Article Text
Abstract
Objective Approximately 15%–20% of patients with Guillain-Barré syndrome (GBS) are unable to walk independently at 6 months from the onset of neurological symptom. The modified Erasmus GBS outcome score (mEGOS) has been reported as a prognostic tool.
Herein we investigated the association between a poor outcome, inability to walk independently at 6 months and presence of antiganglioside antibodies.

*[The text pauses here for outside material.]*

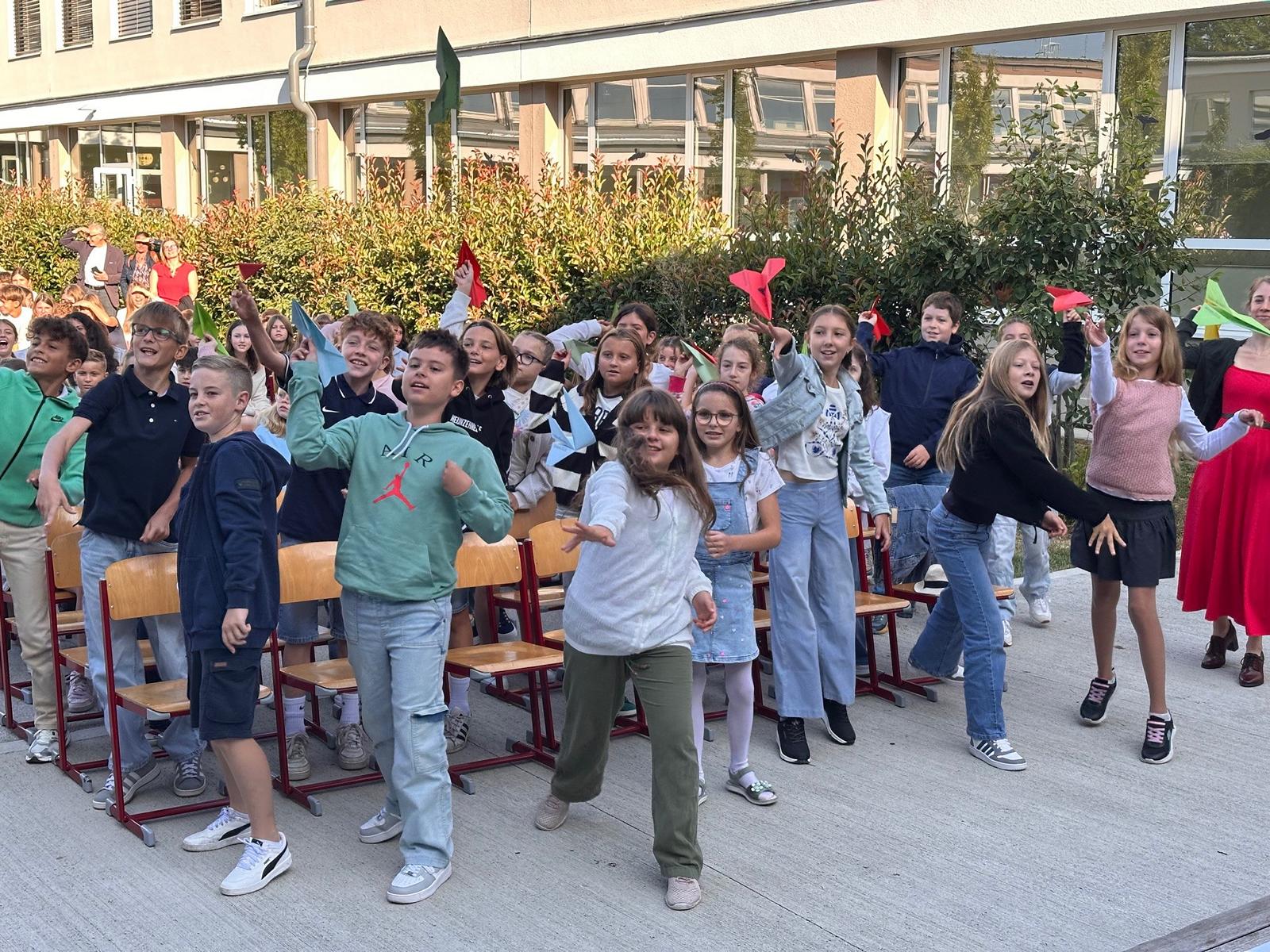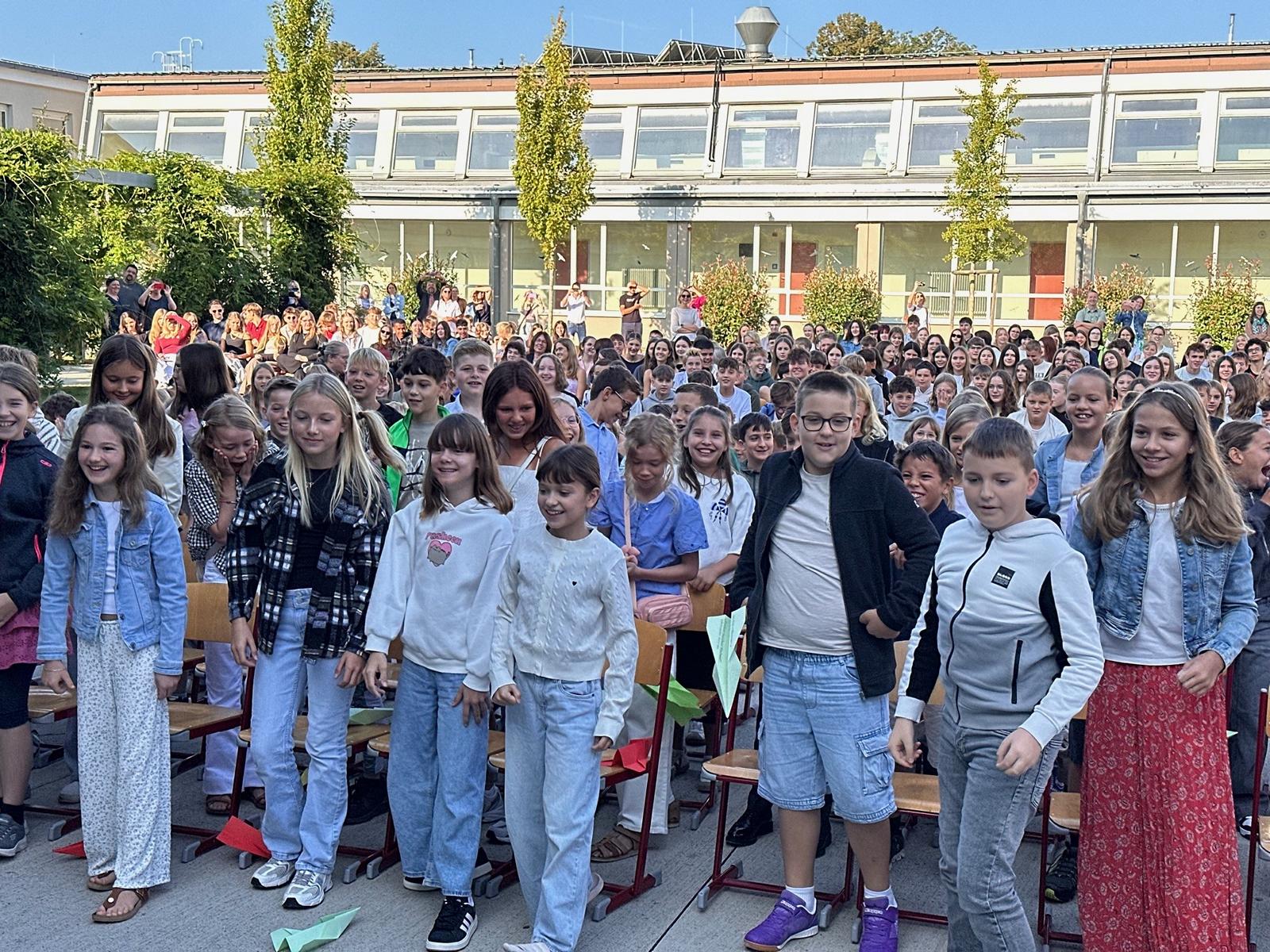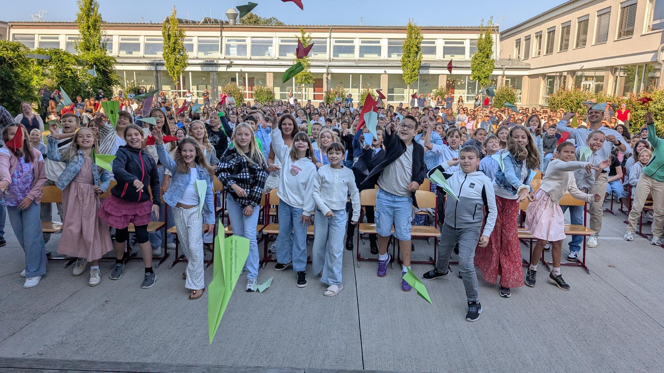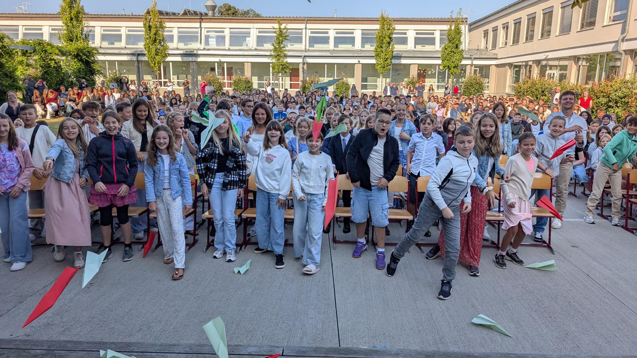 Ein besonderer Moment war die Begrüßung der Schüler:innen der ersten Klassen. Mit Unterstützung der gesamten Schulgemeinschaft durften sie symbolisch ihren Start ins Gymnasium feiern – mit einem lautstarker „Herzlich willkommen!“ und dem Start eines Begrüßungspapierfliegers, der ihre Reise durch die kommenden Schuljahre einläutete.

Methods The clinical and serological data of 177 patients with GBS were retrospectively collected in Japan to assess the associations between a poor outcome and serum IgG antibodies against each ganglioside (GM1, GD1a, GalNAc-GD1a, GQ1b and GT1a). In addition, we investigated whether the combination of mEGOS and serum IgG antibodies against gangliosides is useful in predicting a poor outcome.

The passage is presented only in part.